1993 memoir by Sanyika Shakur

Monster: The Autobiography of an L.A. Gang Member is a memoir about gang life written in prison by Sanyika Shakur.

== Background ==
When asked how Sanyika Shakur got his gang nickname "Monster" he replied, "Well, America produced me," but he basically said that he beat a man so badly that the police said whoever did it was a monster, and the name stuck. He also blamed the community he used to live in as the reason why he joined a gang. He said, "The community as a whole is sick," and continued to blame his environment for turning him into a criminal.

In a book review by Counter Culture, they said, "Shakur does not blame his mother or his school for becoming a young gang banger." Shakur also attributed his "understanding of life" to "Afro-centric Islam." Larry Taylor wrote,"Older gangsters set the example, cultivate and train the younger boys, children." He said the reason children get into gangs is because of older gang members and that is why Shakur got involved.

== Major themes ==
Critics suggested that one of the main themes of Monster: The Autobiography of an L.A. Gang Member is that violence does not solve anything. Coleman Jr. stated that Monster is filled with "senseless violence" and "gang warfare." These two similar elements of the book fill the memoir and result in death, injury, and jail sentences. Metcalf mentioned a few themes of the book as "self-improvement, aspiration, education, and empowerment of minorities." Overall the book displays violence and power obviously throughout.

== Style ==
Kakutani, from The New York Times, wrote, "The volume attests to Mr. Shakur's journalistic eye for observation," and has "novelistic skills as a story-teller." Metcalf mentioned, "The stylistic features of Monster in terms of its narrative structure help the reader to understand the author's social, political, and cultural messages (regarding nonviolence and escaping the gang)." Chill wrote, "Through Shakur's free flowing style," it is easy to read and called it "Ghetto Poetry."

== Reception ==
Monster: The Autobiography of an L.A. Gang Member has received multiple positive reviews in the past several years. In one of Josephine Metcalf's passages from her journal, The Journal of American Culture, she says it is "noteworthy for its emphasis on both the frisson of violent gang exploits and the sober salutary reflection of politicized and educated hindsight." Another positive review came from Michiko Kakutani, writer for The New York Times, in which she wrote that Monster is a "galvanic book" and even titles her article by describing the book as "Illuminating" and "Raw." Kakutani also praised Shakur's "quick, matter-of-fact prose" and wrote that his violent life was "memorably depicted." Chill reviews this book and said it "answers many questions to how someone actually becomes actively involved in a gang" and is "introspective and analytical." Chill also stated, "Some will find it nearly impossible to put down."

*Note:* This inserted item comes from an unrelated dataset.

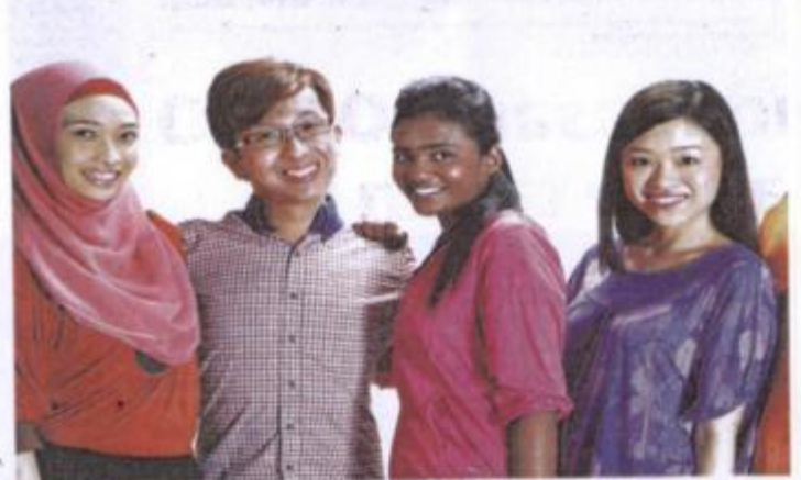
PROGRAM ICYL akan membuka minda para belia supaya berdaya saing di samping menengahkan keusahawanan sosial. - GAMBAR HASRAN.

Bagi belia yang berminat menyertai ICYL atau ingin mendapatkan maklumat lanjut boleh melayari laman web www.icyl.com.my atau berinteraksi menerusi laman sosial facebook ICYL. Segala maklumat dan informasi berhubung persidangan tersebut telah dimuatkan ke dalam portal berkenaan.

Monster also received a few negatives reviews. Metcalf quotes David Brumble, who says he"scrutinizes Monster in terms of classical tribal warrior cultures, [and] ... believes that Shakur's preprison years are the most generative."

== Publication history ==

In 1992, at the Frankfurt Book Fair, Morgan Entrekin, publisher of Grove Atlantic Inc., announced that he had acquired world publication rights to Shakur's memoir, setting off a storm of interest in the book as an authentic document of the urban African-American experience. A convention-goer from Sweden was quoted as saying, "We see so much of the violence of the American inner city; now here's a voice that comes from inside that can explain it to us." The rights to publish in at least seven foreign countries were quickly sold.

Shakur claims to have made US$800,500 from writing Monster. Shakur also changed dramatically after publication and went back to criminal life with another sentence to jail in 2007 and many previous criminal activities. He went to jail for violating parole.